The inlet pipe 106 of the housing 10, like the latter, is stationary during operation. In this case, it passes vertically from above through the inlets of the housing 10 into the drum 20 and into the pipe 203 of the distributor 204 of the drum 20, which is concentric with the inlet pipe.

The bearing device 310 may be provided between the inlet pipe 106, which does not rotate during operation, and the rotating pipe 203 of the drum 20 distributor. stabilization of the drum 20 at its upper end during operation. This radial magnetic bearing 311 at the upper end of the drum 20, also called the drum head, easily reduces the possible oscillatory movements of the drum 2. It contains, for example, appropriate magnets distributed circumferentially around the inlet pipe 106 and in the distributor pipe 203, which are arranged radially with respect to each other. each other at certain distances and interact with each other like magnetic bearings.

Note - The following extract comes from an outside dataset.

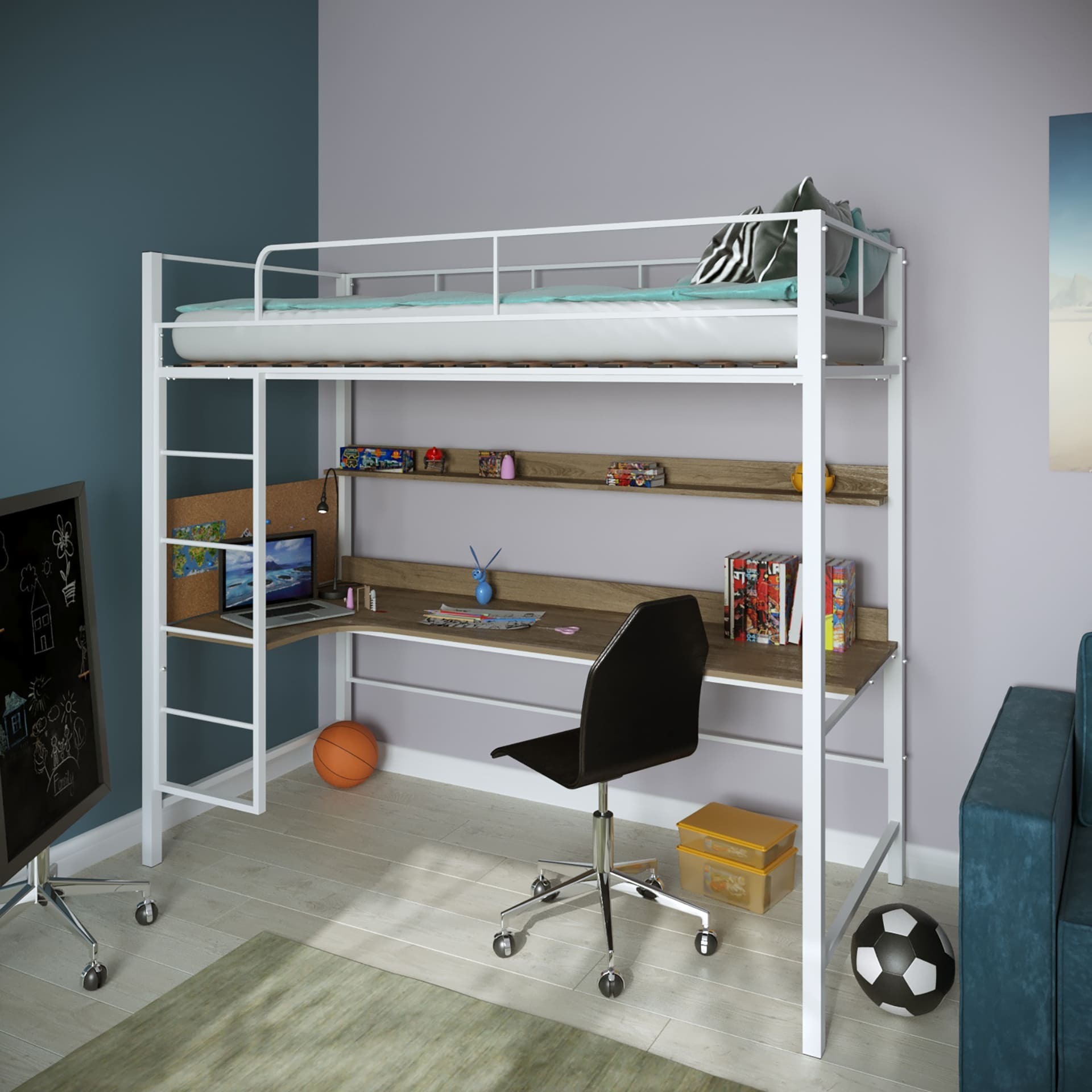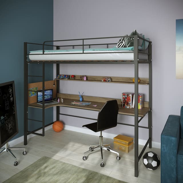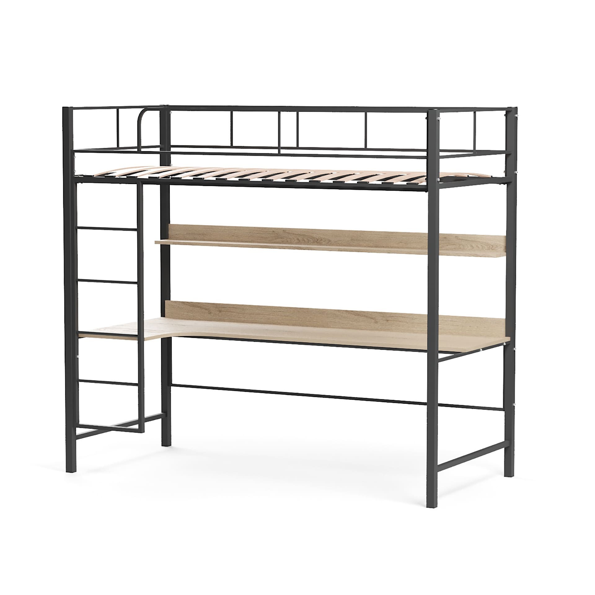 Кровать-чердак позволит создать уютную спальню, не перегрузив ее при этом мебелью. Преимуществом такой кровати является не только компактный размер, но и комфортное спальное место, совмещенное с рабочей зоной. Подъем на верх осуществляется по удобной лесенке, а сами кровати оснащены высокими бортиками, обеспечивающими безопасность. Добавит уюта и непринужденности интерьерам домов отдыха и хостелов. Изготавливается из металла. Кровать имеет экологически безопасное и качественное полимерное покрытие.

The pipe 203 of the distributor 204 opens downwards into radial distribution channels 205 that lead to a separation chamber or centrifugal chamber 206. A cleaner such as a disk set 207 may be placed in this separation chamber 206. The distributor 204 may have a distributor base 205a which, in in turn, has a lower cylindrical extension 205b which protrudes axially downwards from the drum 20, in particular from its cylindrical section 201.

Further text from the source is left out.